For example, suppose we wanted to compute the median for each column of the following tibble:

In [140]:
df = tibble(
  a = rnorm(10),
  b = rnorm(10),
  c = rnorm(10),
  d = rnorm(10)
)

One option is to repeatedly write out the call `median` for each column:

In [141]:
median(df$a)
median(df$b)
median(df$c)
median(df$d)

[1] 0.2644509

[1] 0.5417678

[1] -0.5843742

[1] 0.5461129

But this involves too much repetition, and we argued last lecture that repetition is generally a bad idea when coding. Instead, we can use a for loop to "loop over" each column of `df` and grab the median:

In [160]:
output = vector("double", ncol(df))   # 1. output
for (i in seq_along(df)) {            # 2. sequence
  output[[i]] = median(df[[i]])       # 3. body
}
output

[1]  0.2644509  0.5417678 -0.5843742  0.5461129

The for loop should have three components:
1. The *output*, in this case a vector with one entry per column of `df`.
2. The *sequence* of values along which we will iterate. Here we are using `seq_along(df)`, which generates a sequence of numbers from one up to `ncol(df)`. (This relies on the fact that a `data.frame` is really a list with one entry per column of data.)
3. The *body*, which is the piece of code that gets executed in each iteration of the loop. In the example above, the body first runs `output[[1]] = median(df[[1]])`, then `output[[2]] = median(df[[2]])`, etc., on up to `i=4`.

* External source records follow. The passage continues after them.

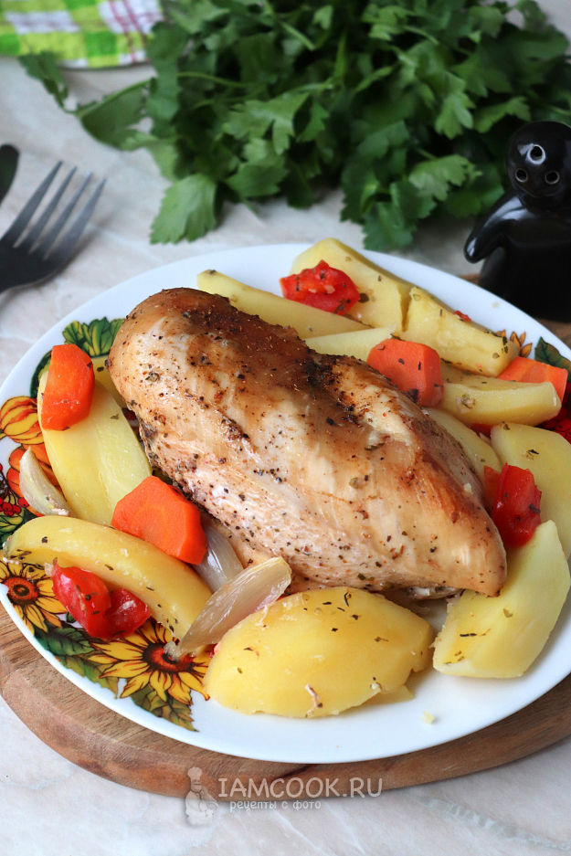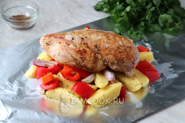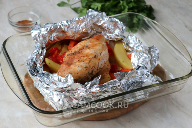 Фольгу плотно завернём, лучше её сложить в несколько слоев, и выложим на противень или в жаропрочную форму. Отправим куриную грудку с овощами в фольге в духовку, разогретую до 180 градусов, на 35 минут.
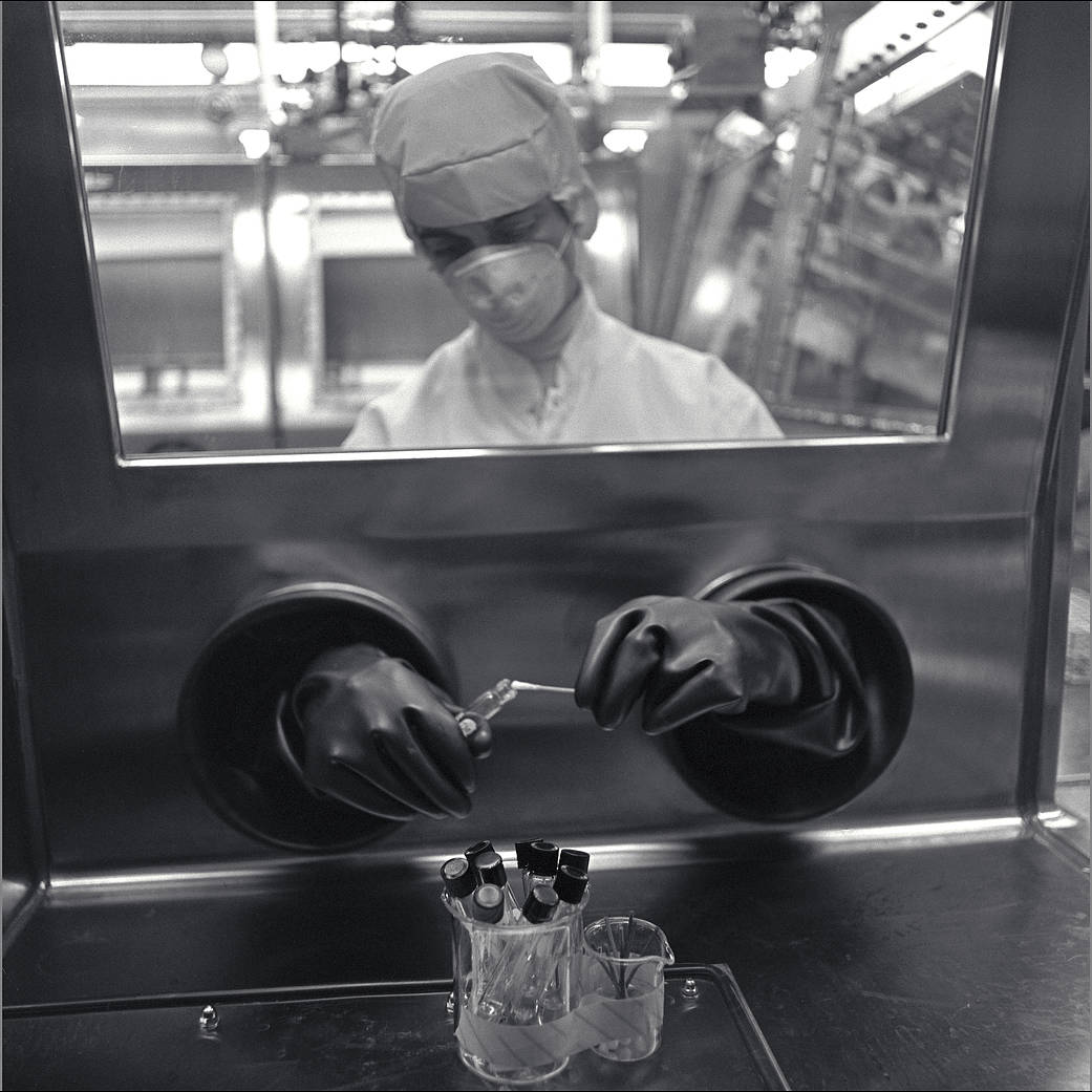 Biologist Elaine Muñoz transfers an Apollo 11 lunar sample in the glove box in NASA Ames’s Lunar Biological Laboratory.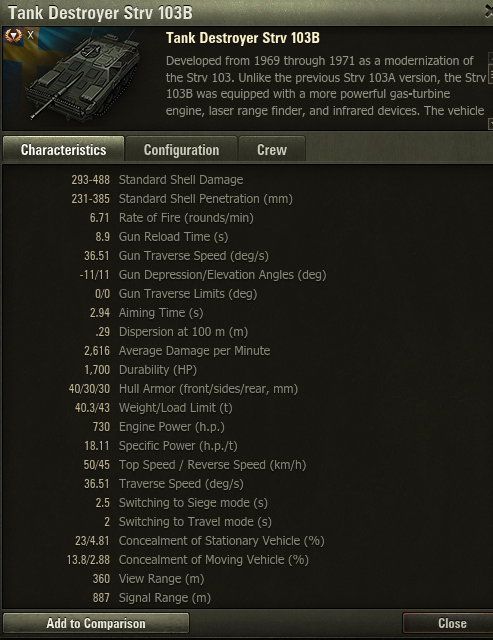 Strv 103B目前的完整版数据:
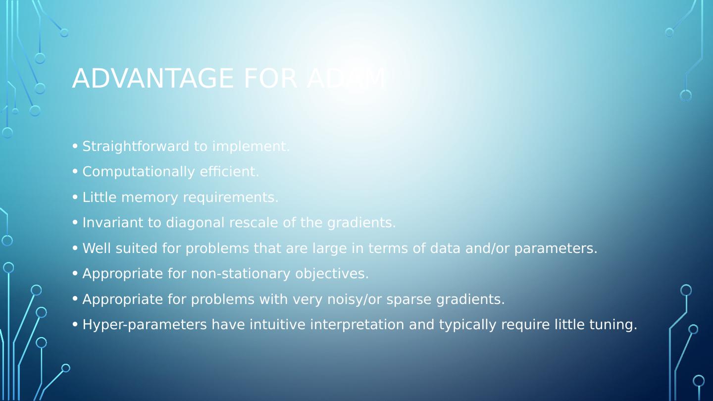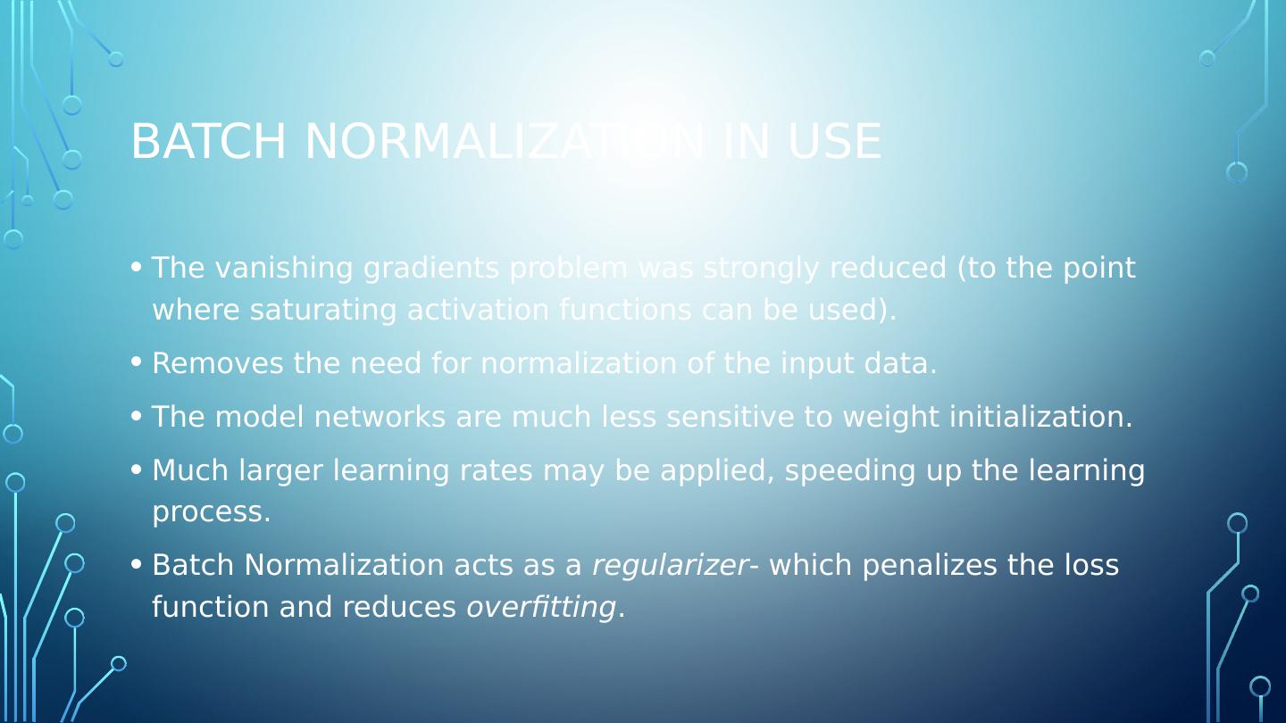 19 .Batch Normalization in use The vanishing gradients problem was strongly reduced (to the point where saturating activation functions can be used). Removes the need for normalization of the input data. The model networks are much less sensitive to weight initialization. Much larger learning rates may be applied, speeding up the learning process. Batch Normalization acts as a regularizer - which penalizes the loss function and reduces overfitting .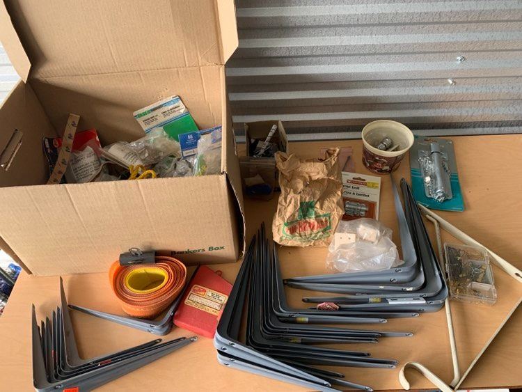 BOX OF SHELVING BRACKETS, BOLTS AND BRACKETS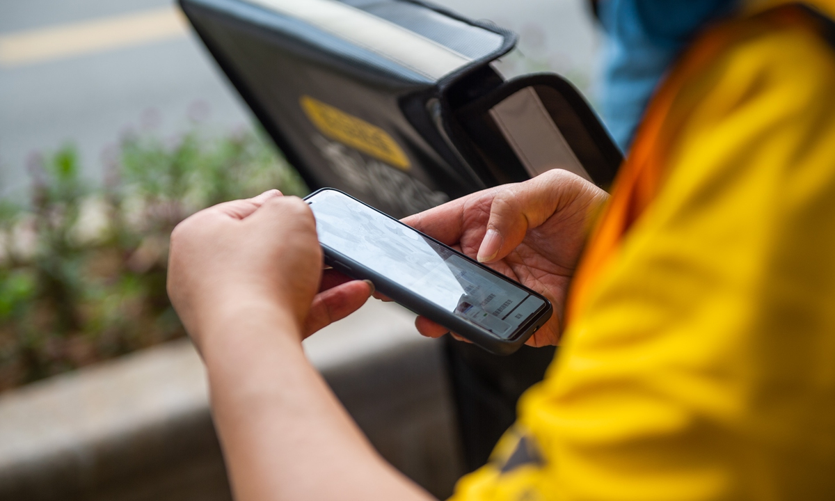 A deliveryman of a Chinese online takeaway service checks orders on the phone. Photo: IC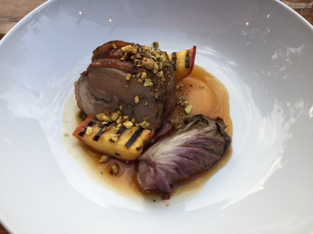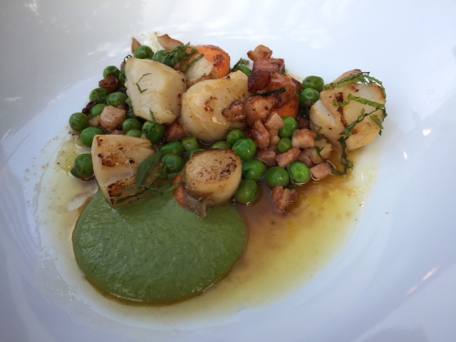 Maggie’s second plate was adorned with roasted duck breast – oh there’s a surprise! – charred peach, radicchio, pistachio and a not-too-sweet orange caramel; close to perfection for a mere $20. For one dollar more, I received a plate of bona fide perfection – pan-fried Tasmanian scallops, sauteed peas, mint, bacon and pea puree. If I have ever been served a better dish of my favourite seafood, it was too long ago to matter.

### Methods of iterating in for loops
In the example above we used `seq_along` to create a numeric vector, and then iterated over it in our for loop. This was useful because each entry of the vector corresponded to a column, so we could use `output[[i]]` to store the value of the median for each column. There are also a couple of other common ways to iterate:

We can iterate over the elements of a list or vector directly:

In [168]:
output = vector("double", 4)
i = 1
for (column in df) {  # iterate over the column vectors in mpg
    output[[i]] = sum(column)
    i = i + 1
}
output

[1]  0.7855311  0.5617025 -6.8963655  5.6473291

This is mainly useful for calling commands that have side-effects (like `print`) because there is no obvious way to store the output of each iterate.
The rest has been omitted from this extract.